| Aim of the exercise |
Please return the records below exactly as they appear, leaving every picture out.

| Provided data |
□ □ □ □ □

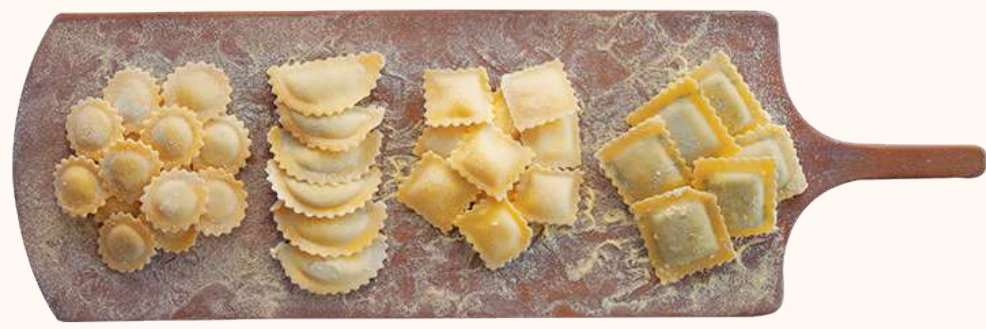
• Ravioli Rellenos: carne, pollo, queso ricotta, espinaca y tres quesos
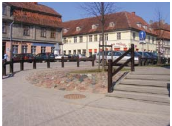
Fig. 13. Convex ramp (on the left) provides accessibility to the places of different levels, at the same time it is an element that fits into the old town environment.
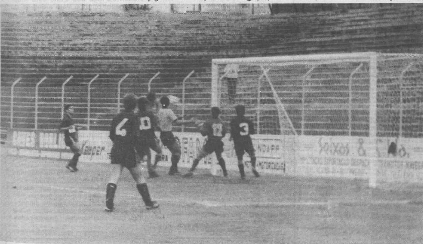
Dois avançados do Beira Mar «perdidos» no meio de 6 adversários.
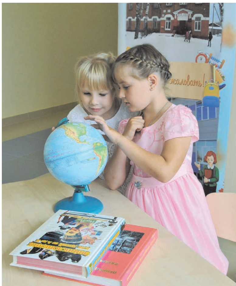
Впереди у них открытия!

В этой школе появилось желание дышать полной грудью. Потому что возможности сегодняшнего дня кажутся вполне близкими и доступными, потому что кроме стен, приятно
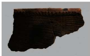
8 1-6出土土器 (第357图228)
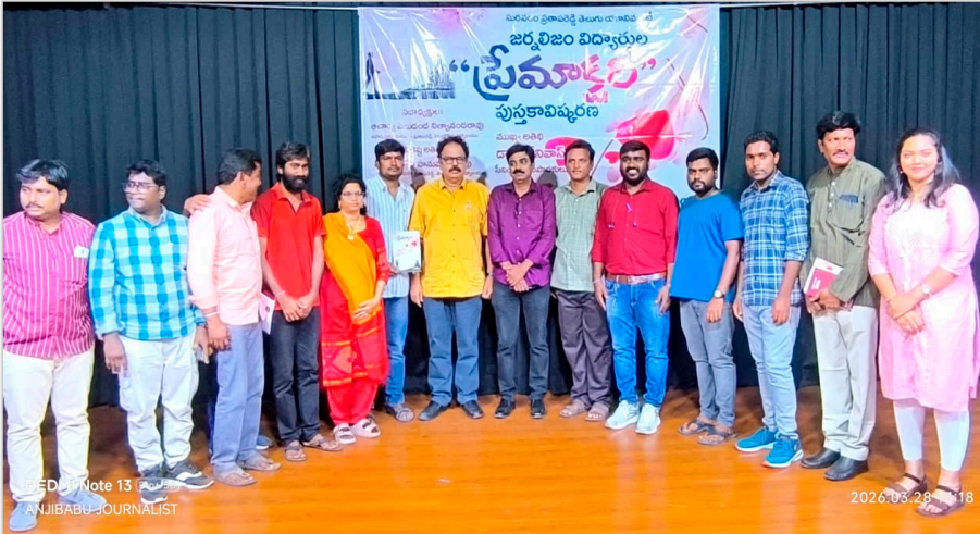
కాలానుగుణంగా సాహిత్య సాంస్కృతిక, సంప్రదాయాలలో మార్పులు
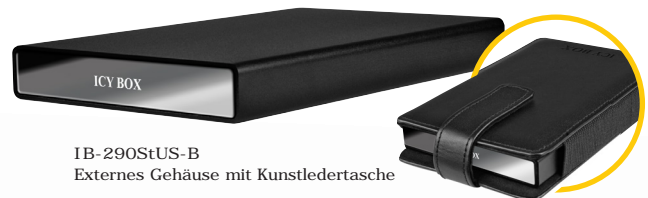
IB-290StUS-B Externes Gehäuse mit Kunstledertasche
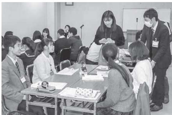
グループワークの様子1
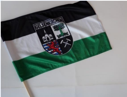
Schwenkfahne „GE Wappen“
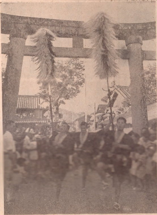
写真—7年前の大名行列

種田地区賀来神社の祭りが九月一日から十一日まで行なわれる。賀来神社の祭りは、賀来神社のまつりといわれ、賀来神社のまつりといわれる。賀来神社のまつりといわれる。賀来神社のまつりといわれる。
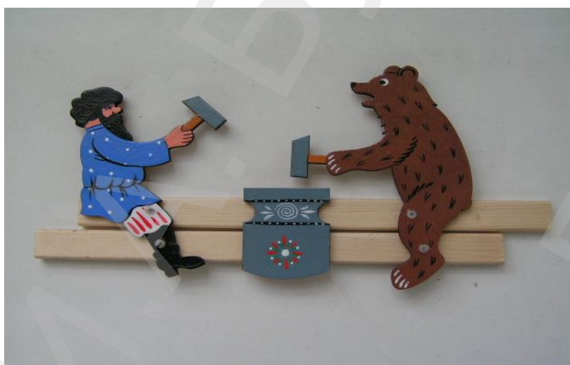
Кузнецы. Богородская игрушка
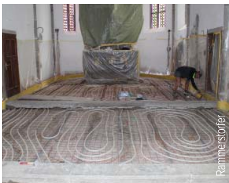
Die Fußbodenheizung wurde verlegt. Rammerstorfer
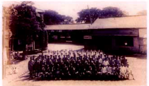
三島町駅（昭和6年頃・現 三島田町駅）チンチン電車は ここが始点で沼津へ向かった
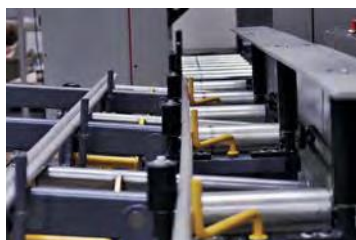
Positionnement de la barre dans l'axe de l'étau

La construction du magasin de chargement SLE permet de le personnaliser aux conditions ambiantes. Le magasin peut être flexible dans sa mise en place avec le chargement des barres soit à l'avant ou à l'arrière de l'axe des étaux de la machine (à définir à la commande).
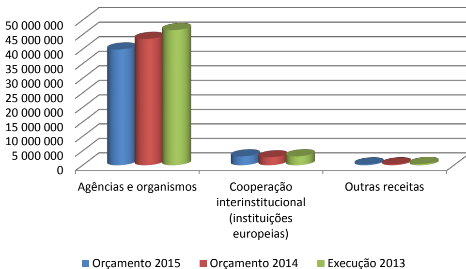
Quadro 1 - Receita (EUR) por título e exercício financeiro, 2013-2015 (Títulos 1, 3 e 4)

O Centro recorreu à possibilidade de transferir para as receitas recursos provenientes de duas reservas constituídas em exercícios anteriores. O orçamento inclui nas receitas 809 000 euros provenientes da «Reserva para investimentos excecionais». Este montante corresponde às despesas previstas para o programa e-CdT em 2015, inscritas no Capítulo 32. Adicionalmente, o Centro transferiu para as receitas uma parte da «Reserva para a estabilidade dos preços» constituída em 2011 (4 850 350 euros). Esta transferência equilibra o orçamento e permite ao Centro propor aos seus clientes preços mais baixos, bem como reduzir o excedente orçamental.
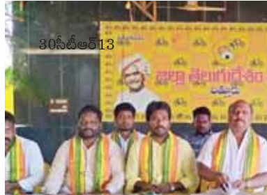
సమావేశంలో మాట్లాడుతున్న నాయకులు
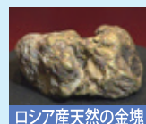
ロシア産天然の金塊

□ □ □ □ □

| Worked solution |
• Ravioli Rellenos: carne, pollo, queso ricotta, espinaca y tres quesos
Fig. 13. Convex ramp (on the left) provides accessibility to the places of different levels, at the same time it is an element that fits into the old town environment.
Dois avançados do Beira Mar «perdidos» no meio de 6 adversários.
Впереди у них открытия!

В этой школе появилось желание дышать полной грудью. Потому что возможности сегодняшнего дня кажутся вполне близкими и доступными, потому что кроме стен, приятно
8 1-6出土土器 (第357图228)
కాలానుగుణంగా సాహిత్య సాంస్కృతిక, సంప్రదాయాలలో మార్పులు
IB-290StUS-B Externes Gehäuse mit Kunstledertasche
グループワークの様子1
Schwenkfahne „GE Wappen“
写真—7年前の大名行列

種田地区賀来神社の祭りが九月一日から十一日まで行なわれる。賀来神社の祭りは、賀来神社のまつりといわれ、賀来神社のまつりといわれる。賀来神社のまつりといわれる。賀来神社のまつりといわれる。
Кузнецы. Богородская игрушка
Die Fußbodenheizung wurde verlegt. Rammerstorfer
三島町駅（昭和6年頃・現 三島田町駅）チンチン電車は ここが始点で沼津へ向かった
Positionnement de la barre dans l'axe de l'étau

La construction du magasin de chargement SLE permet de le personnaliser aux conditions ambiantes. Le magasin peut être flexible dans sa mise en place avec le chargement des barres soit à l'avant ou à l'arrière de l'axe des étaux de la machine (à définir à la commande).
Quadro 1 - Receita (EUR) por título e exercício financeiro, 2013-2015 (Títulos 1, 3 e 4)

O Centro recorreu à possibilidade de transferir para as receitas recursos provenientes de duas reservas constituídas em exercícios anteriores. O orçamento inclui nas receitas 809 000 euros provenientes da «Reserva para investimentos excecionais». Este montante corresponde às despesas previstas para o programa e-CdT em 2015, inscritas no Capítulo 32. Adicionalmente, o Centro transferiu para as receitas uma parte da «Reserva para a estabilidade dos preços» constituída em 2011 (4 850 350 euros). Esta transferência equilibra o orçamento e permite ao Centro propor aos seus clientes preços mais baixos, bem como reduzir o excedente orçamental.
సమావేశంలో మాట్లాడుతున్న నాయకులు
ロシア産天然の金塊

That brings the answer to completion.